Jadi saya kembali ke kampung halaman saya dan membaktikan diri saya untuk membantu pastor paroki saya dalam segala hal yang diperlukan agar umat beriman dapat mengikuti perayaan melalui Internet. Menyaksikan semua kesulitan yang kami hadapi, dan dapat merasakan keinginan dan ekspresi iman umat, saya merasakan panggilan Tuhan seperti nyala api yang menyala di hati saya ketika saya berpartisipasi dalam adorasi Ekaristi.
Setelah pengalaman yang luar biasa ini, pada tahun 2021 ia memulai proses penegasan panggilannya, dan pada tahun 2022 ia memasuki seminari persiapan keuskupannya. Pada bulan Juli 2023, uskupnya mengirimnya untuk belajar di Universitas Navarra., seperti yang berhubungan situs web keuskupan AndaDia mendarat di Bidasoa didampingi oleh rektor seminari Bunda Penampakan Maria di Leopoldina, Pastor Alessandro Alves Tavares.
Pengalamannya di bidang Seminar internasional Bidasoa menemukan baginya keindahan Gereja universal yang luar biasa: "Keberadaan saya di Bidasoa sangat bermanfaat bagi panggilan saya. Di sini saya dapat bertumbuh lebih banyak lagi dalam kehidupan doa dan juga dalam kehidupan akademis saya. Berbagi hidup dengan para imam dan seminaris dari berbagai penjuru dunia mengajarkan saya bahwa Gereja itu universal dan bahwa Tuhan dapat menjangkau semua hati, dan untuk itu, Dia ingin kita dipersiapkan untuk mewartakan Injil kepada semua bangsa.".

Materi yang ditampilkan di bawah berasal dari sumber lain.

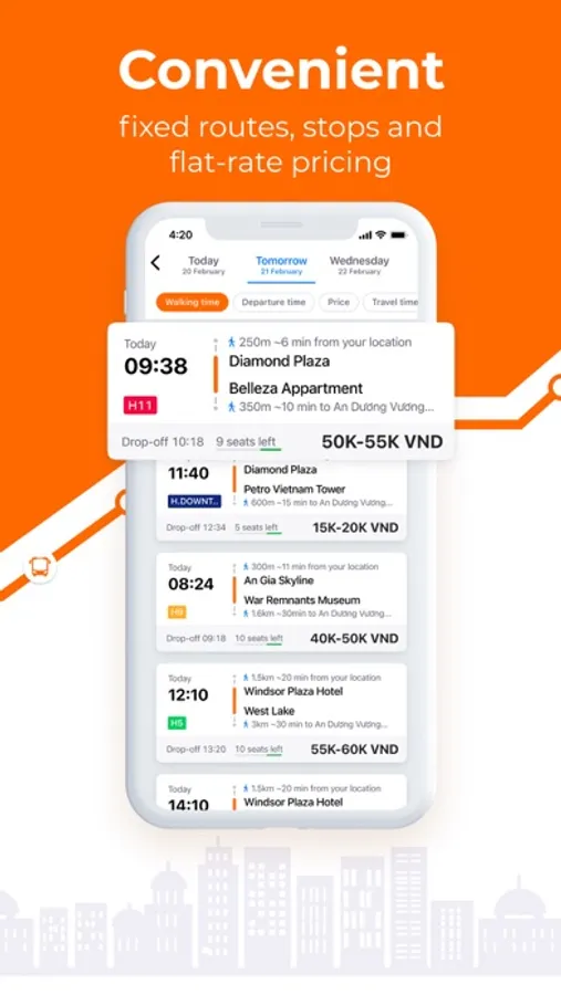 Express routes. We allow only app-booking, so no needless stops on your ride. You will be on time!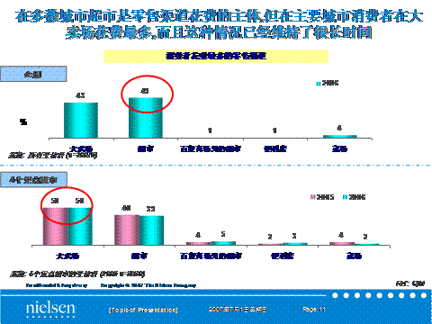 AC尼爾森于1984年來到中國,目前在中國已與超過160家跨國和本土零售商建立了合作關(guān)系。AC尼爾森通過搜集各類型零售門店的銷售數(shù)據(jù)整合成為有效的市場報(bào)告,集中體現(xiàn)零售業(yè)態(tài)的發(fā)展態(tài)勢和市場機(jī)遇,幫助零售業(yè)制定有效的市場戰(zhàn)略和策略。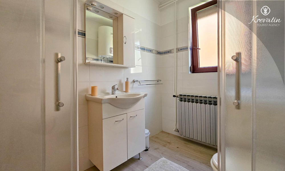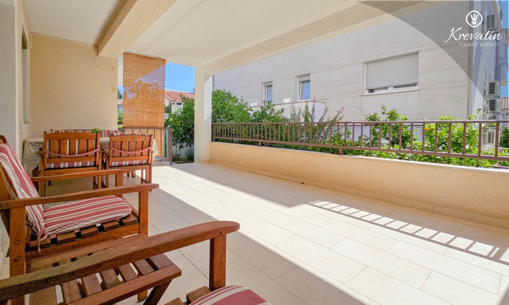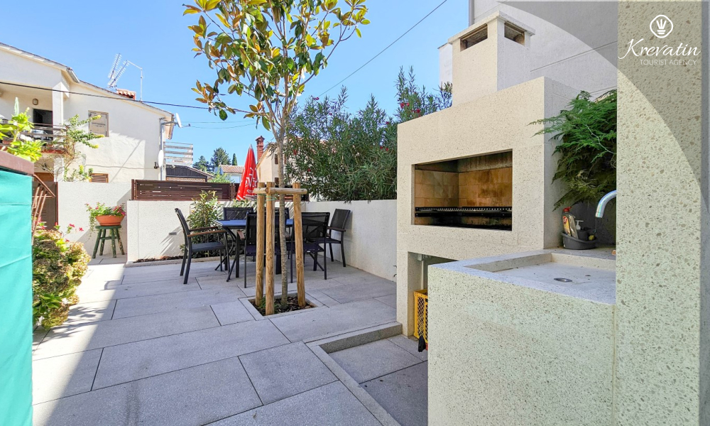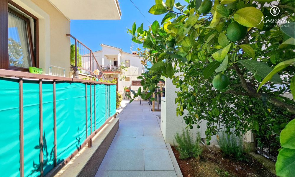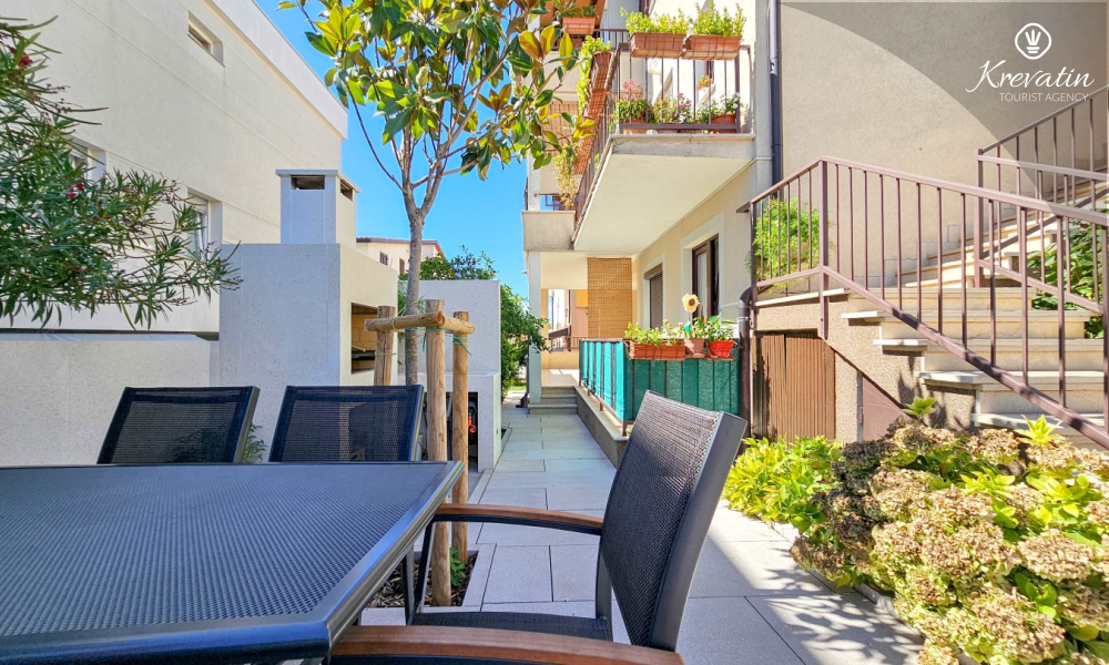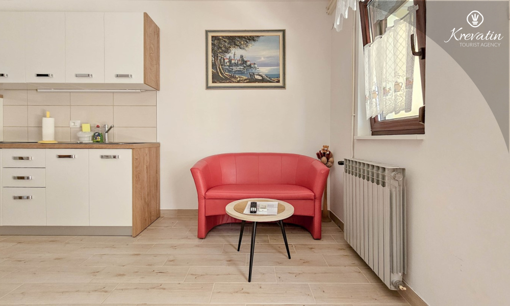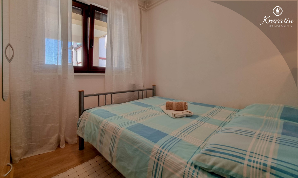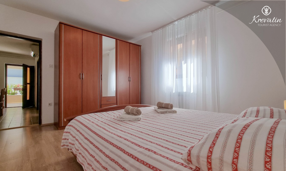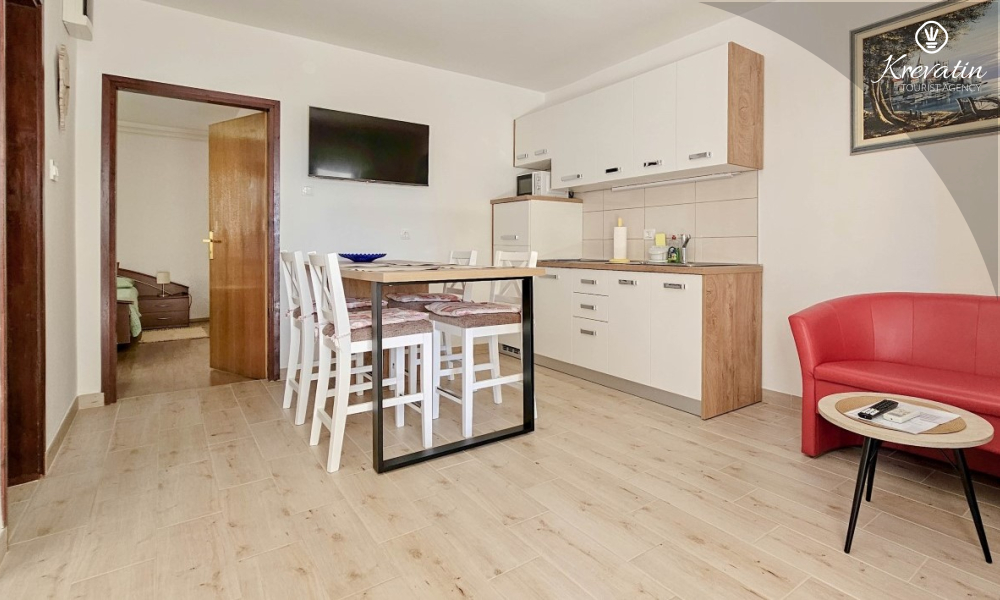 È composto da due camere da letto, una cucina funzionale attrezzata con utensili di base per la preparazione dei pasti e un bagno con doccia e WC. L'appartamento dispone di un'ampia terrazza con tavolo e sedie, oltre a un'ulteriore terrazza con barbecue in comune con gli ospiti di un altro appartamento.

Setelah menyelesaikan studi teologinya di Universitas Navarra, ia akan kembali ke keuskupannya dan ditahbiskan menjadi imam. Jonathas menyadari bahwa semua kota dan negara memiliki keunikan dan kesulitan dalam penginjilan, tetapi tanpa doa, tidak banyak yang dapat dicapai.
"Saya percaya bahwa, di keuskupan saya, dan juga di seluruh Gereja, kita perlu terus berdoa agar banyak panggilan suci muncul untuk tuaian Tuhan," kata Yohanes.
Sebuah pemikiran yang sangat sesuai dengan inisiatif yang diusulkan oleh Gereja pada tanggal 19 Maret, Hari Seminari. Hal pertama yang diminta oleh Gereja adalah berdoa untuk panggilan. Kemudian, sejauh mungkin, membantu secara finansial untuk mendukung panggilan.
Ia menyerahkan masa depannya di tangan Tuhan, tetapi memintanya untuk melanjutkan keinginan untuk melayani Gereja di mana pun diperlukan dan "membawa kebenaran Injil ke seluruh penjuru, dan tidak pernah lupa untuk setia pada apa yang Tuhan minta dari kita melalui uskup kita".
Marta Santínjurnalis dengan spesialisasi di bidang agama.